The group did agree that it would be necessary to vote, in the absence of consensus. But how would the franchise be defined? Could someone who joined yesterday have a vote? Would a minimum number of karma points be required? How would the vote be carried out? So another round of infinite meta revolved around how to decide how to decide. The network as it was originally set up did not specify a decision mechanism, nor did the Omidyars intervene by declaring mechanisms by fiat. Eventually, giving up on voting, the exhausted networkers divided the grant among three groups. The process appeared to drain rather than boost the community’s ability to explore the networked philanthropy the Omidyars had hoped to initiate.

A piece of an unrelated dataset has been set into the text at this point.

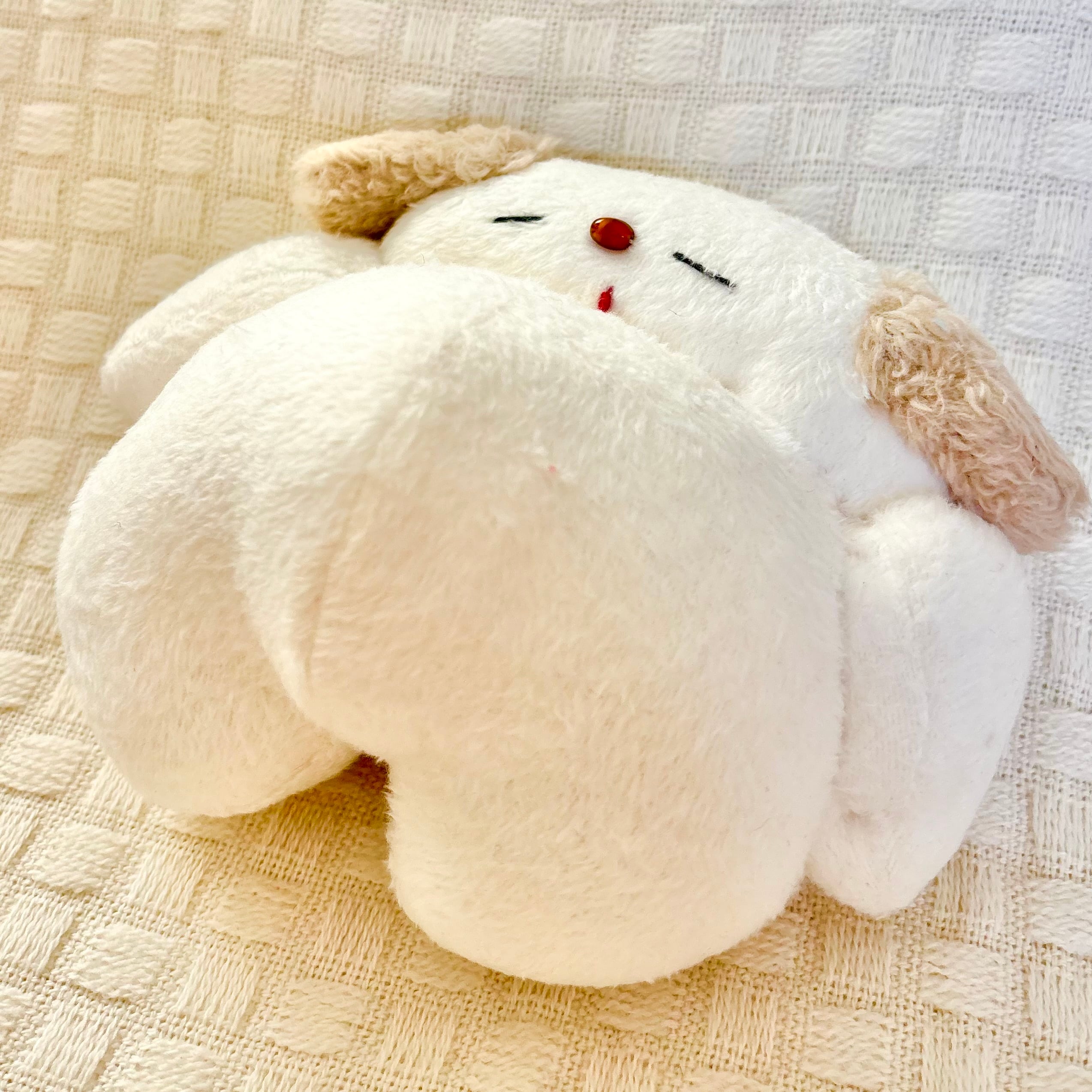 食べすぎてお腹ぽんぽんの犬のぬいぐるみです

And than the whole issue of community decision-making blew up when it turned out that one of the most vocal debaters in the grant-making thrash had created dozens of sock-puppet accounts and was awarding points to friends and subtracting points from those who disagreed with her. Not too long after that, the Omidyars shut down the online community. That’s when I became convinced that virtual communities must begin by defining minimum decision-making procedures. I recalled that when personal computers were still young, they had to be booted up with a floppy disk. The first information to be read from that disk was a “boot sector” that instructed the mechanism on how to load the operating system. My experience with governance thrashes in the WELL, the River, Electric Minds, Brainstorms, and the Omidyar Network led me to believe that it is nearly impossible for a group to formulate a decision-making procedure from scratch — they need a boot sector with a minimum description of who can vote, and how the vote should be carried out. With that, the community can change the rules if they want — but at least they won’t have to argue about how to decide how to decide.

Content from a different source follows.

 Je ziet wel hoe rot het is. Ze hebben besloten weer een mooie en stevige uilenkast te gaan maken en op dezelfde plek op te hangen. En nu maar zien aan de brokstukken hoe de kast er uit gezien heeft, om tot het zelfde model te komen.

Howard begins this section with a link to a paper by Amy X. Zhang, Grant Hugh, and Michael Bernstein, PolicyKit: Building Governance in Online Communities. Here's the abstract:
The software behind online community platforms encodes a governance model that represents a strikingly narrow set of governance possibilities focused on moderators and administrators. When online communities desire other forms of government, such as ones that take many members’ opinions into account or that distribute power in non-trivial ways, communities must resort to laborious manual effort. In this paper, we present PolicyKit, a software infrastructure that empowers online community members to concisely author a wide range of governance procedures and automatically carry out those procedures on their home platforms. We draw on political science theory to encode community governance into policies, or short imperative functions that specify a procedure for determining whether a user-initiated action can execute. Actions that can be governed by policies encompass everyday activities such as posting or moderating a message, but actions can also encompass changes to the policies themselves, enabling the evolution of governance over time. We demonstrate the expressivity of PolicyKit through implementations of governance models such as a random jury deliberation, a multi-stage caucus, a reputation system, and a promotion procedure inspired by Wikipedia’s Request for Adminship (RfA) process.